ISLAMABAD, Nov 6: Despite an over all increase in the total value of imports during the first four months of the current financial year, the import receipts declined by over 16 per cent as it stood at Rs18.56 billion during the first four months against Rs22.1 billion over the corresponding period last year.

The import bill during the July-October period increased to Rs205.5 billion against Rs187.77 billion during the same period last year, showing an increase of 9.44 per cent.

The value of dutiable imports decreased by 3.01 per cent during the first four months of the current financial year to Rs117.25 billion against Rs120.89 billion over the corresponding span last year.

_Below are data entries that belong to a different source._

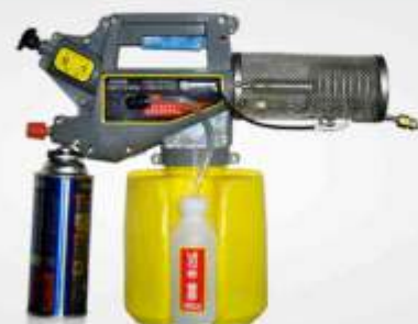
QEEFOG - 2000NK-M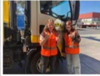
STEM GIRLS CONFERENCE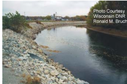
sturgeon Shoreline riprapping applied to population in enhance sturgeon spawning habitat.

Lake Winnebago system was stable during the 1930's and 1940's, but the population increased after property owners began riprapping riverbanks with large rock in the 1950's to reduce erosion. The riprapped shorelines greatly increase the area suitable for successful spawning. Also, a group of volunteers in Wisconsin called the "Sturgeon Patrol" has actively protected sturgeon from poaching during their vulnerable spawning period.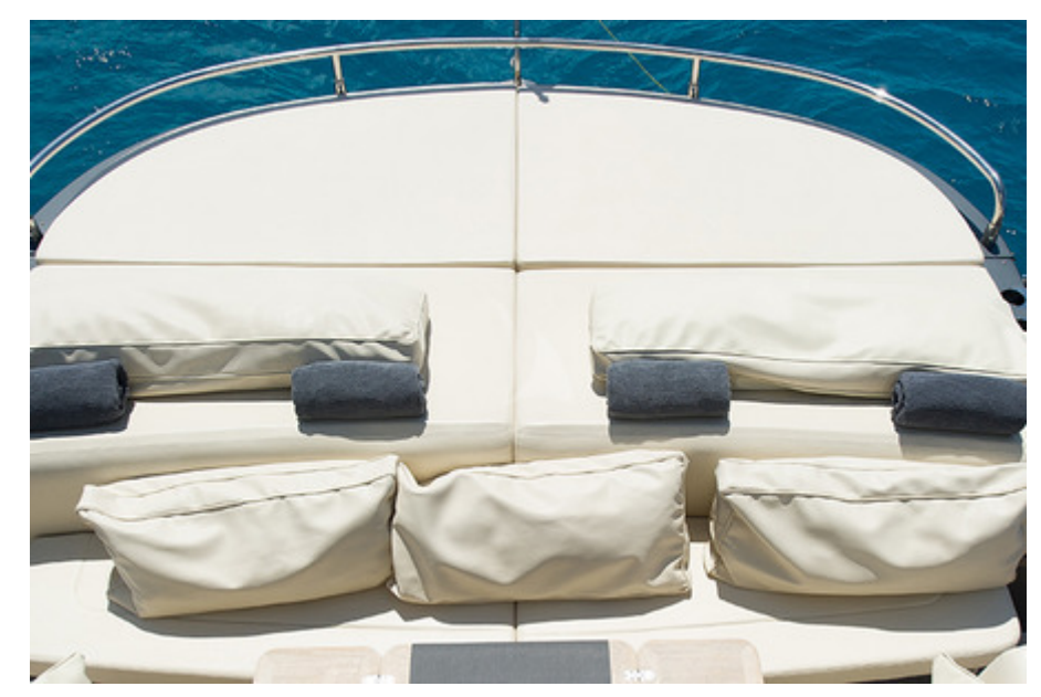
ALVIUM - Aft deck solarium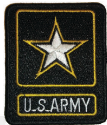
DS-155 Embroidered Patch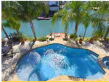
Sydney Harbour Lake View

5/3.1/2 with Gorgeous Pool Picky Buyers Welcome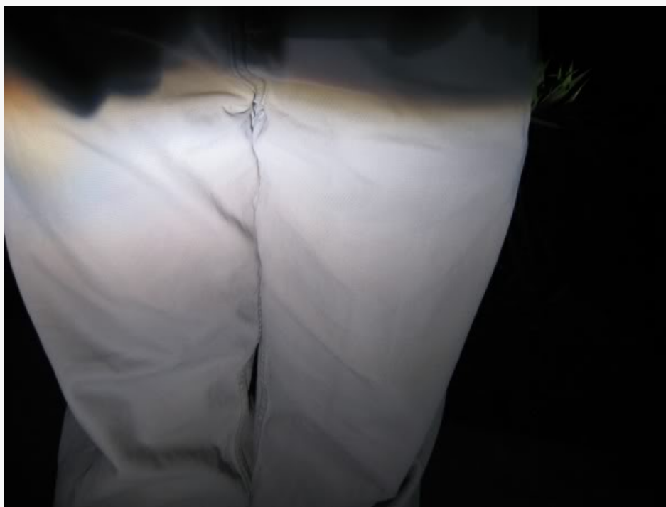
Stock left, Ultinon right...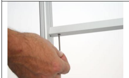
4. Tighten halfway with Allen key provided.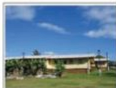
Hawaii Public Housing Authority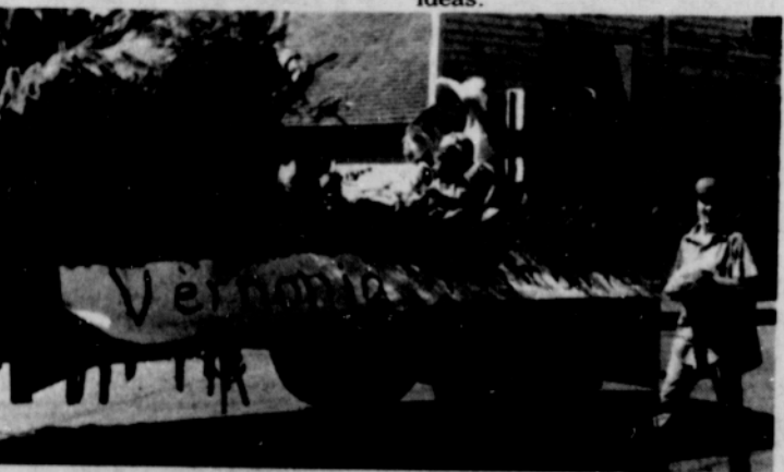
VERNONIA PRIMARIES gets nod for award in parade.

All other open burning remains subject to the existing rules of the Columbia Willamette Air Pollution Authority, Oregon Administrative Rules adopted by the EQC or regulations of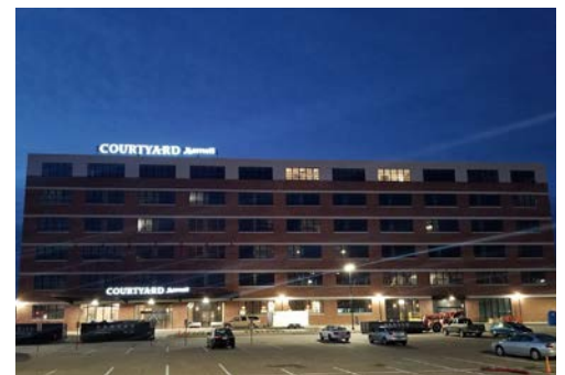
Courtyard Marriott Waterloo Cedar Falls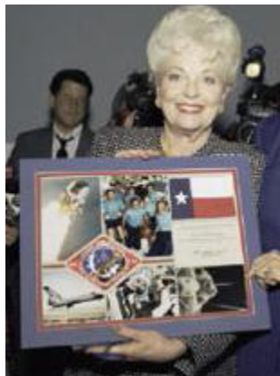
Texas Gov. Ann Richards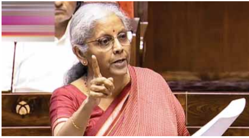
Finance Minister Nirmala Sitharaman

She said violence in Manipur has adversely impacted economic activities in the state but expressed confidence that it will recover swiftly. Responding to the Opposition criticism of not paying the required focus to Manipur, she said the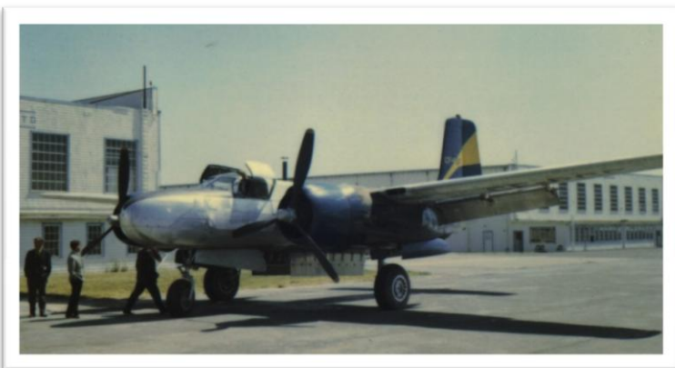
Figure 25: A26 CF-PGF displayed at Victoria 1969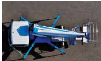
Sogace launched its 3.5 tonne E Series work platforms with X-shaped chassis and 300kg platform capacity.

Palfinger now has a substantial number of models in its Italian built Smart Class range, topped by the 28 metre P280 AXE although several are now too heavy for 3.5 tonne chassis. The range begins with a 13 metre P130A, launched at Vertikal Days last year - usually mounted on a pickup truck, such as the 4x4 Ford Ranger 2.2 TDI, with a total GVW of 3,200kg - it offers up to 6.3 metres of outreach. Other models that work well on 3.5 tonne chassis include the 14 metre P140T, the 16 metre P160TX and 17 metre P170T telescopic and the articulated P200A and P240A, all are available with different configurations creating a 12 model/variant range if the P280 is included. Palfinger also produces a range of telescopic models at its plant in Germany. Designated the Light range it includes 15, 18, 20, 21, 22 and 26 metre models all with aluminium booms and one of them - the P210BK - with a jib.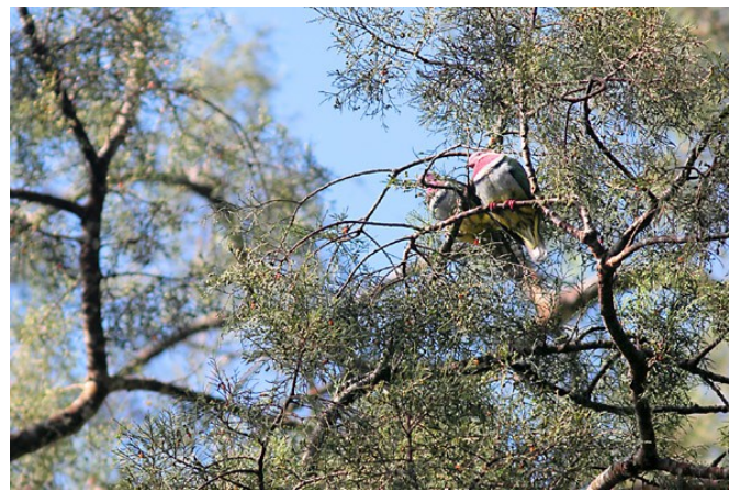
Pink-headed Fruit Dove, frequently heard hooting between the junction and Air Panas at Gunung Gede.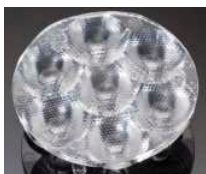
TAMPA D= 38 MM (7UP) PMMA

SHARP DOUBLE DOME C11670_ANNA-7-S C11679_ANNA-7-M C11682_ANNA-7-W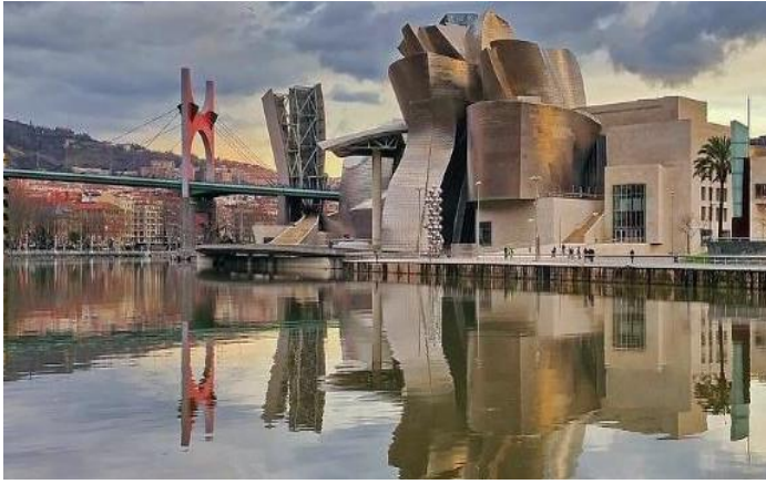
GUGGENHEIM MUSEUM, BILBAO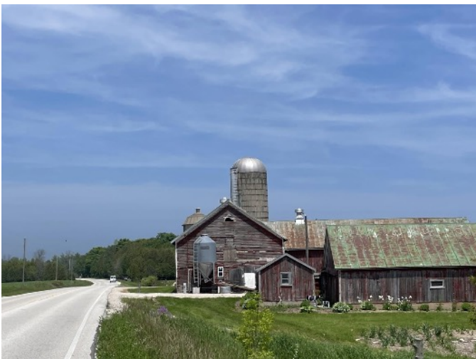
A distinctive roadside farm.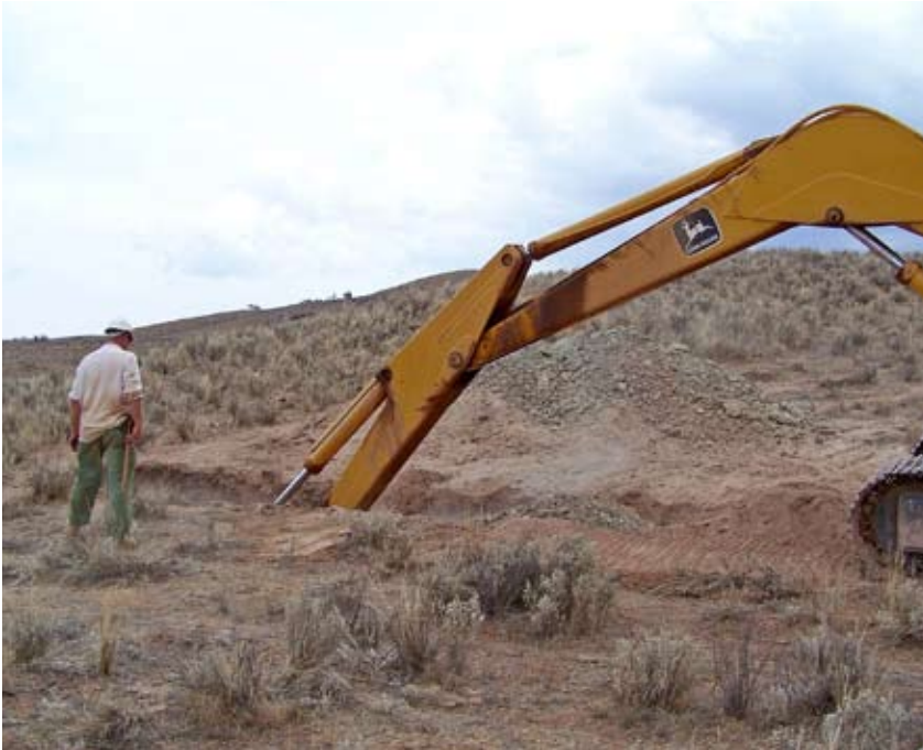
Figure 2 Trenching at H77a - 1 December 2006.

six microdiamonds in the 0.1 to 0.14 mm range. When normalised to a 20 kg sample weight the result is equivalent to 3 microdiamonds per 20 kg compared to 110 microdiamonds per 20 kg in the original sample.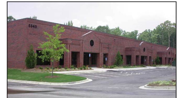
Multi-Unit Building, Site #14 6,400 - 64,000 SF 5340 McEver Road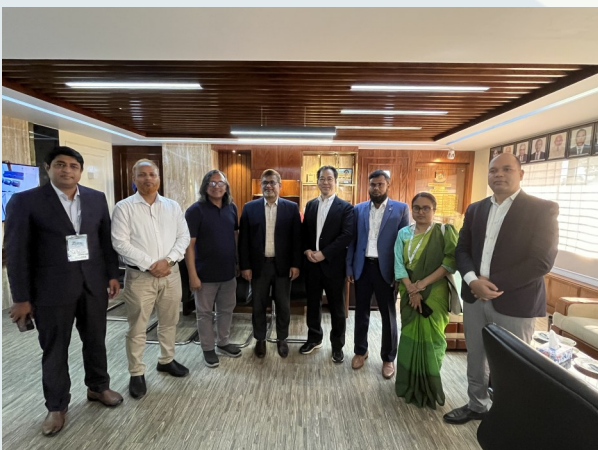
Sher-e Bangla Agricultural University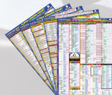
Alpha Minor Amendment Linking Chart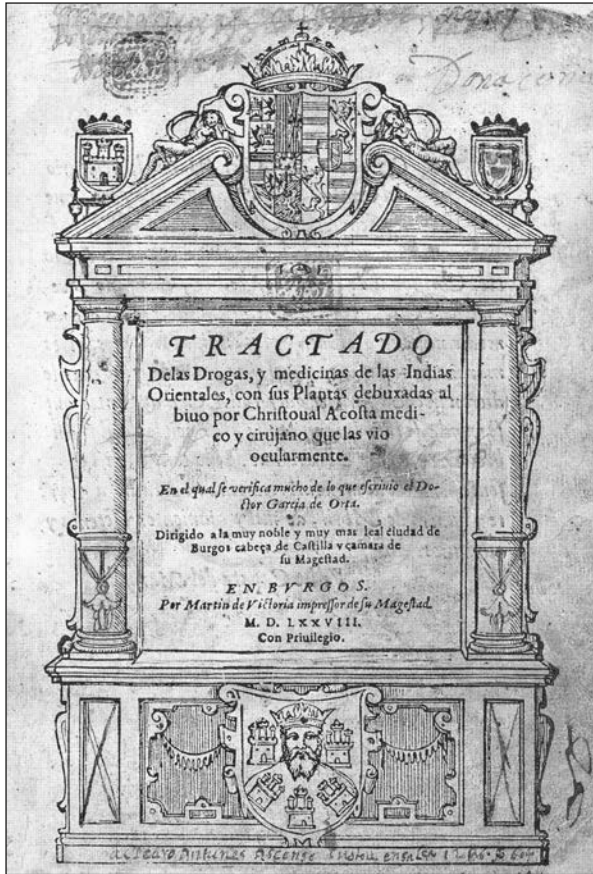
Figure 4 - Cristobal Acosta, 1578 title page. Library of the Faculty of Medicine, University of Lisbon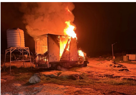
Settlers set fire to Palestinian truck, living tents & a stolen car in Susya.

March, army invaded Palestinian home in Um Durit and cut security camera cables. Settlers pepper sprayed a Palestinian woman.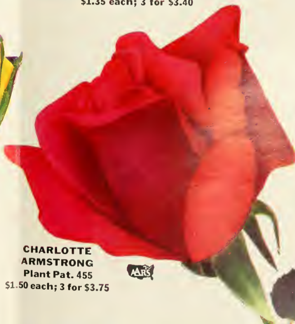
CHARLOTTE ARMSTRONG Plant Pat. 455 $1.50 each; 3 for $3.75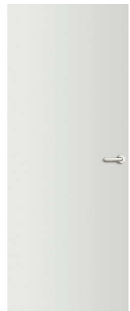
Flush PMDF Solid Core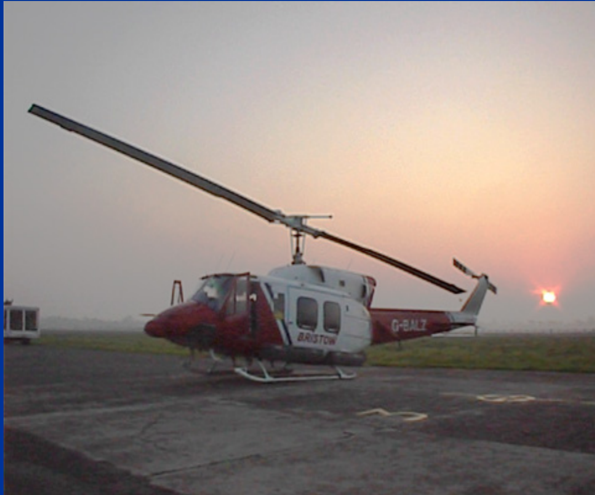
Bristow Bell 212EP G-BALZ – Operating today in Mauritania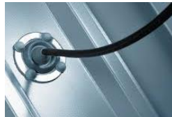
Electrical cable penetrations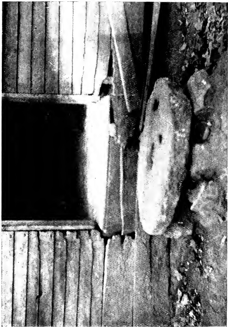
The Lincoln family mill stone which was used to grind the family meal has for many years been used as a door "stoop" to the house that was built upon the farm after the Lincolns went away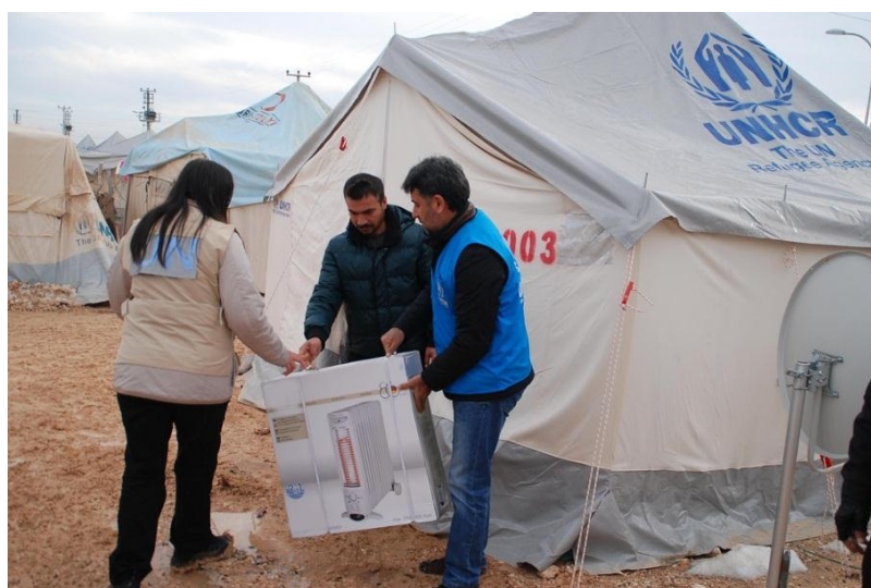
Refugee head of household received a heater from UNHCR in a refugee camp

UNHCR Turkey's winterization plan targets assistance to 300,000 refugees in host communities and some 120,000 refugees in camps. In total, if fully funded, 84,000 families will benefit from winterization assistance. The plan includes distribution of high thermal blankets to 84,000 families and winter clothing to a targeted refugee population of 60,000 households (300,000 people) not living in the camps.

According to provisional figures released by Central Board of Revenue (CBR) here on Tuesday, the value of dutiable imports during the month of October stood at Rs25.58 billion against Rs28.73 billion during the same period last year, showing a decrease of 10.96 per cent.

The value of dutiable imports increased by 3.07 per cent during the first three months of the current financial year as compared to the same period last year.

The analysis showed that the duty free imports during the first four months of current fiscal increased to Rs85.44 billion this year from Rs68.46 billion during the same period last year, showing an increase of 24.8 per cent.

However, the duty free imports registered marginal growth in October of the current fiscal as it stood at Rs20.02 billion against Rs20.27 billion over the corresponding span of last year.

Official sources told Dawn, that due to decline of 3.01 per cent in dutiable imports during the first four months of the current fiscal, the effective rate has also been declined from 18 per cent last year to 16 per cent during the same period in the current financial year.

The total revenue was based on 40 per cent of the total dutiable import of the country as it declined by 3.01 per cent during the first four months of the current financial year, the government would not be in a position to achieve the original projected revenue target.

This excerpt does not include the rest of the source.